DOJ Launches Global Trade Enforcement Section After $1 Billion Recovery
The United States Department of Justice created a new global trade enforcement section following the recovery of over $1 billion in trade fraud penalties.
The United States Department of Justice established the Global Trade & Commerce Enforcement Section within its National Fraud Division to transition from administrative fines toward criminal prosecutions for import and customs fraud. Announced at a U.S. Customs and Border Protection warehouse in Chicago, the move follows the August 2025 launch of the Trade Fraud Task Force, which has recovered or identified more than $1 billion in penalties, settlements, and restitution in less than one year.
Officials credited U.S. Attorney Andrew Boutros with spearheading the prosecutions that drove these recoveries. Key actions include a $549.5 million settlement with California-based Perfectus Aluminum for misrepresenting Chinese products and a $54 million recovery from Ceratizit USA, both stemming from whistleblower complaints. The DOJ also filed criminal charges in two Chicago-based cases involving gold jewelry imports. In one instance, Raj and Veena Kohli and their company, Surya International Inc., allegedly smuggled jewelry worth nearly $700 million and falsified records to claim Omani origin to evade over $38 million in duties.
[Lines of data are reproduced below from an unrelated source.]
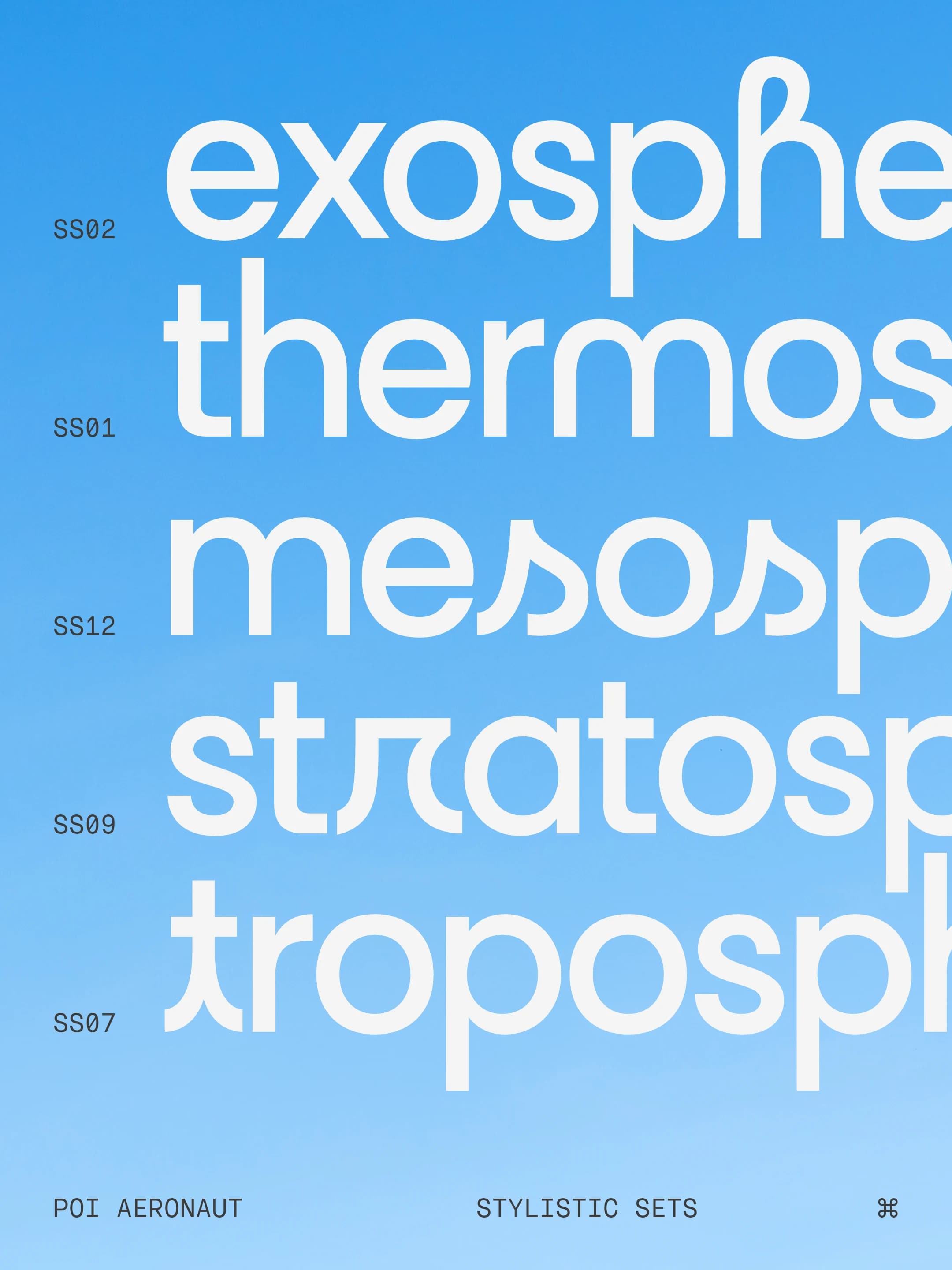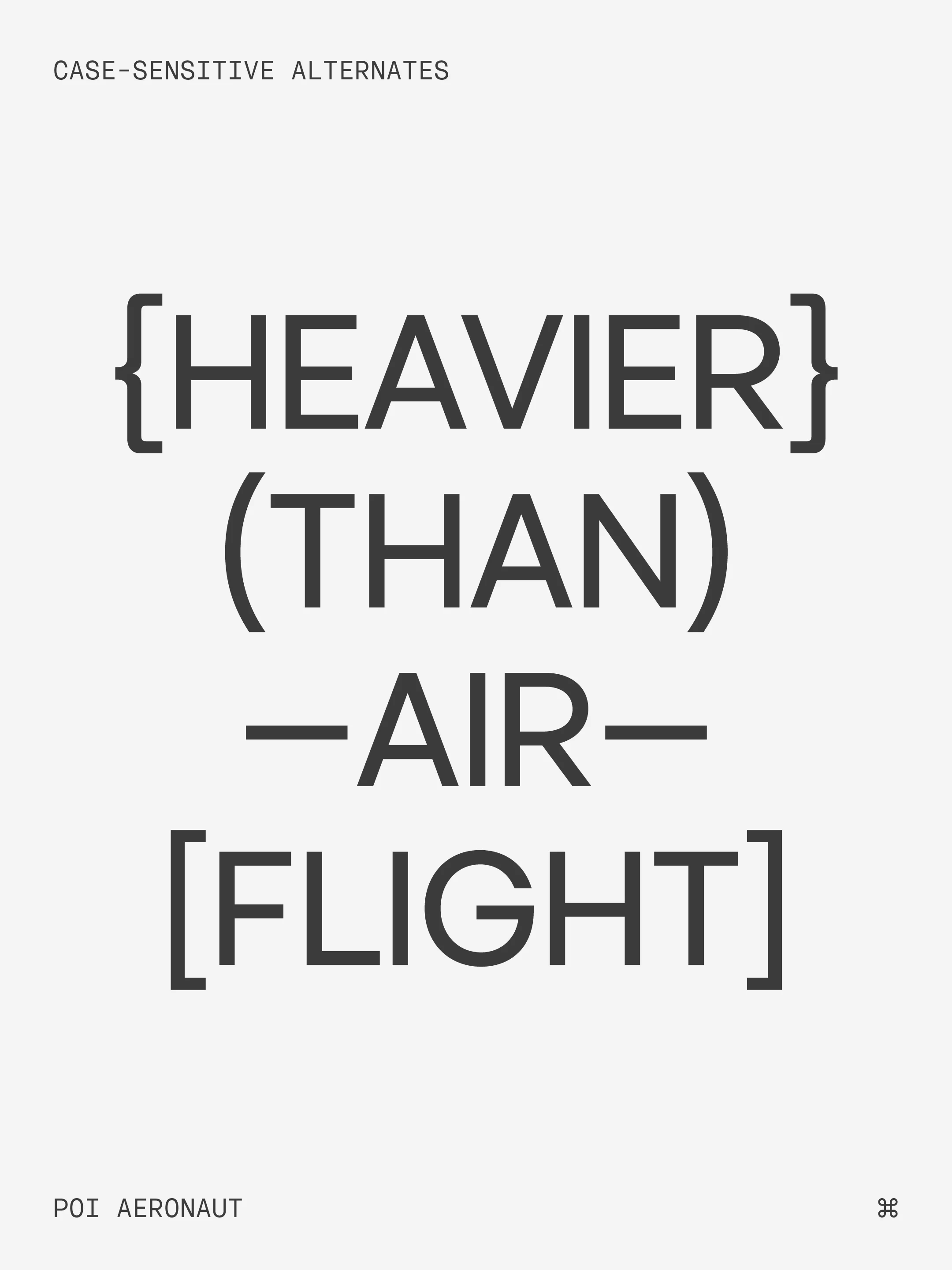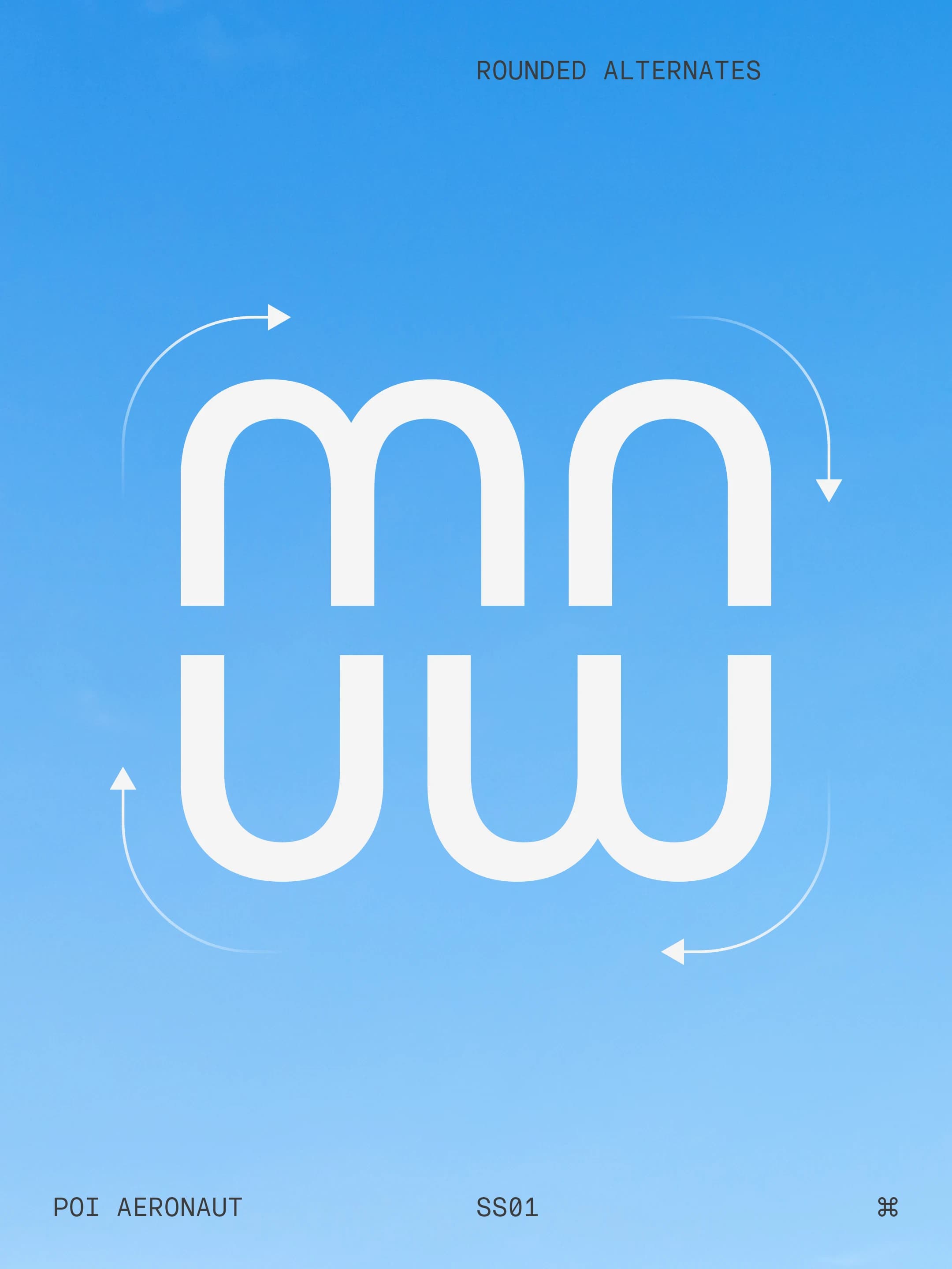 This geometric sans, inspired by cursive practice sheets, brings warmth and whimsy to a genre that historically lacks it. Arrows, originally intended to guide the student's hand, draw parallels to aerodynamics, the typeface's namesake. Best suited for expressive messaging, Aeronaut includes 12 stylistic sets, giving you full creative control.
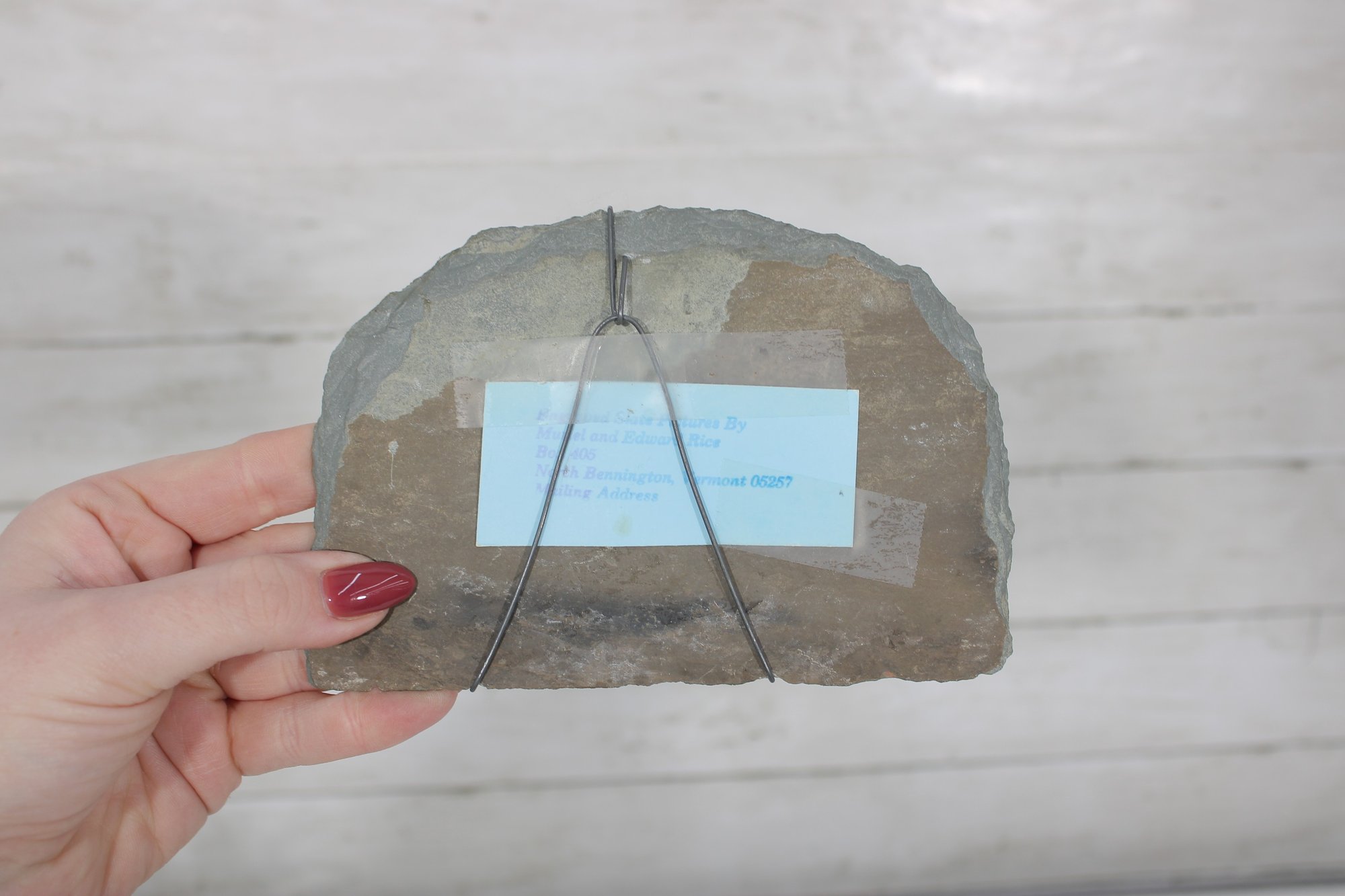 The reverse includes an attribution label for Ed & Muriel Rice, known for Vermont slate carvings.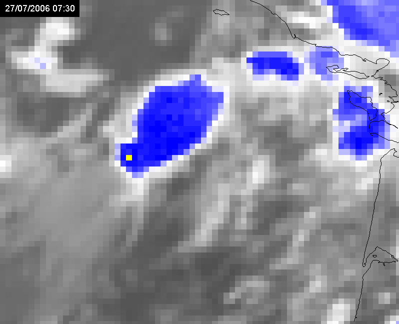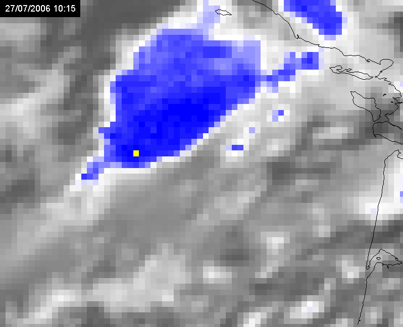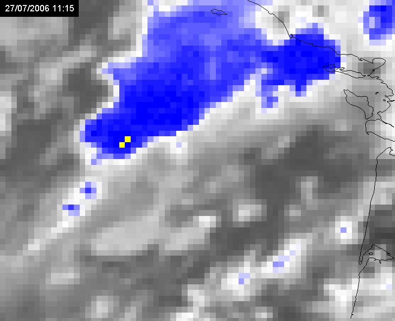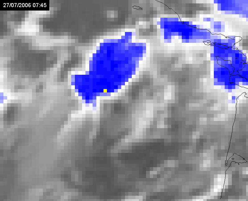 27 July 2006/06.00 UTC Meteosat 8 IR10.8-WV6.2 difference image (overshooting tops in yellow)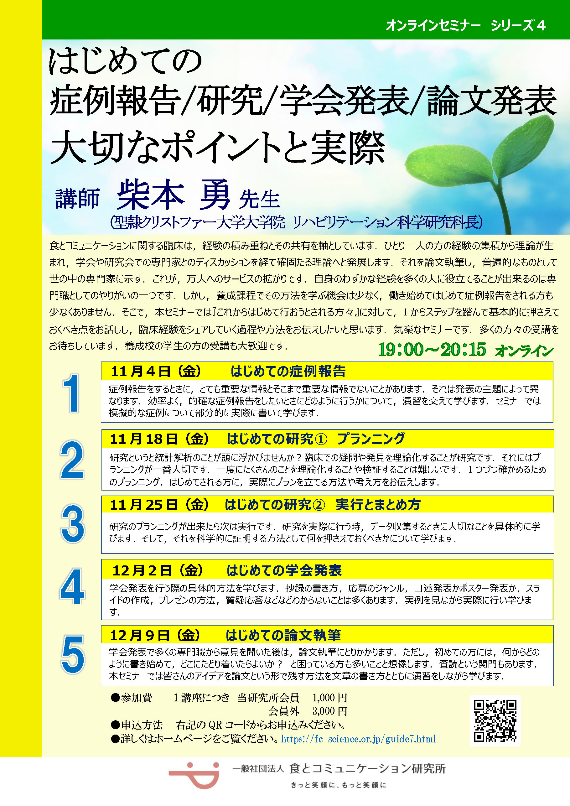 食とコミュニケーションに関する臨床は,経験の積み重ねとその共有を軸としています.ひとり一人の方の経験の集積から理論が生まれ,学会や研究会での専門家とのディスカッションを経て確固たる理論へと発展します.それを論文執筆し,普遍的なものとして世の中の専門家に示す.これが,万人へのサービスの拡がりです.自身のわずかな経験を多くの人に役立てることが出来るのは専門職としてのやりがいの一つです.しかし,養成課程でその方法を学ぶ機会は少なく,働き始めてはじめて症例報告をされる方も少なくありません.そこで,本セミナーでは『これからはじめて行おうとされる方々』に対して,1からステップを踏んで基本的に押さえておくべき点をお話しし,臨床経験をシェアしていく過程や方法をお伝えしたいと思います.気楽なセミナーです.多くの方々の受講をお待ちしています.養成校の学生の方の受講も大歓迎です.
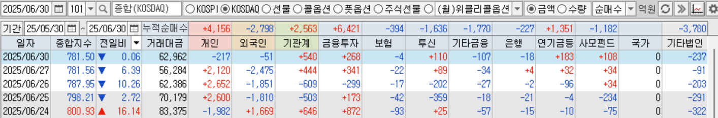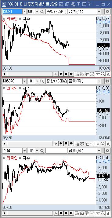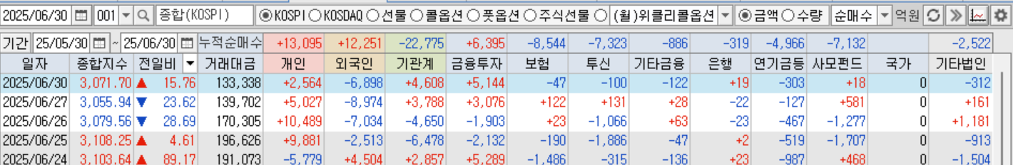 기관과 개인의 동반 순매수, 외국인은 4거래일 연속 순매도하며 코스피 지수 상승폭을 제한

To standardize these efforts, the DOJ released a 27-page Resource Guide to Trade Fraud Enforcement detailing 16 fraud typologies. The new section focuses on illegal imports that violate product safety and anti-forced labor laws, as well as schemes to misreport import values to evade tariffs. This crackdown follows previous administration attempts to increase tariff collections through "Liberation Day" tariffs, though the Supreme Court later ruled the president lacked the authority to impose them.